The package is a stateless translation layer. For each request it decides what to send on the wire and how to interpret the streamed response — nothing more. The same provider-neutral conversation can be sent to any model on either protocol, and the target model can change between turns; the library re-adapts the history each time.

Everything above a single request — history storage, context compaction, and the tool-call loop — is left to the caller. Two entry points cover the request itself:

  • Complete sends a conversation and returns the final AssistantMessage.
  • Stream returns a channel of typed Event values for incremental rendering.
flowchart LR
    subgraph caller["Your code"]
        direction TB
        ctx["Context<br/><small>system · messages · tools</small>"]
        opts["StreamOptions<br/><small>key · temperature · reasoning</small>"]
        model["Model<br/><small>protocol · endpoint</small>"]
    end

    subgraph lib["llm · stateless translation"]
        direction TB
        entry(["Stream / Complete"])
        adapt["adapter for Model.Protocol<br/><small>re-adapt history → wire format</small>"]
        entry --> adapt
    end

    provider["Provider<br/><small>OpenAI- or Anthropic-compatible</small>"]

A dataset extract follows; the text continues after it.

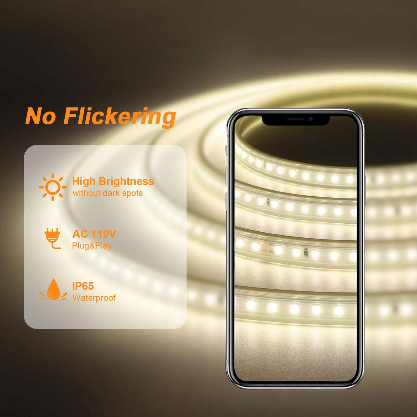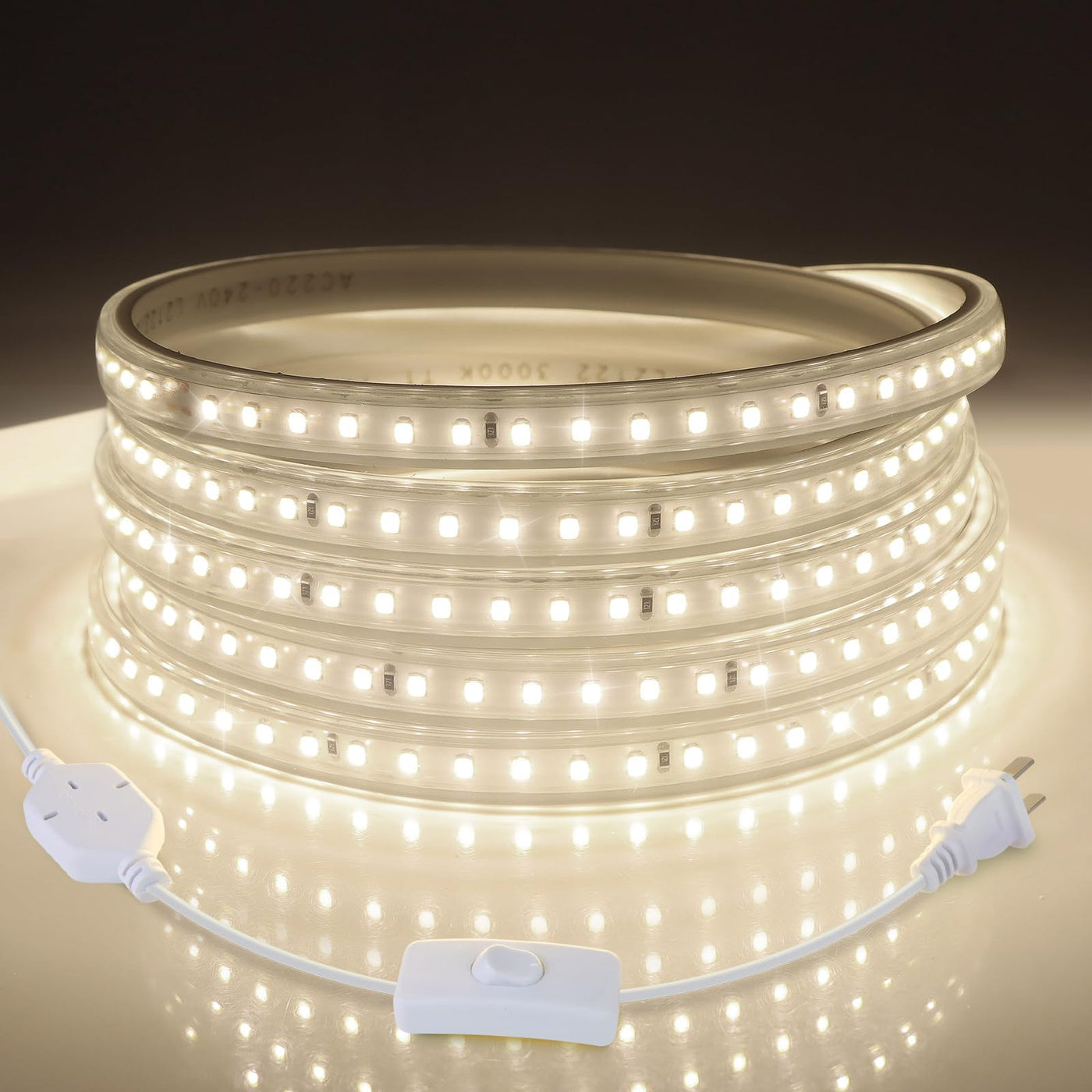 Aimengte Waterproof Outdoor Led Strip Lights, 32.8Ft, 1200 Leds, Daylight, Ac 110V

    subgraph back["Back to you"]
        direction TB
        events["typed Events<br/><small>text · thinking · tool-call deltas</small>"]
        final(["AssistantMessage<br/><small>content · stop reason · usage + cost</small>"])
        events --> final
    end

    caller --> entry
    adapt -->|request| provider
    provider -->|streamed response| events

    classDef accent stroke:#6366f1,stroke-width:2px;
    class entry,final accent;

A first request

Resolve a model, send a prompt, read the reply. The blank import registers the protocol; the API key is read from the provider's environment variable when StreamOptions leaves it empty.

import (
    "github.com/ktsoator/or/llm"
    _ "github.com/ktsoator/or/llm/openai" // register the OpenAI-compatible protocol
)

model := llm.GetModel("deepseek", "deepseek-v4-flash")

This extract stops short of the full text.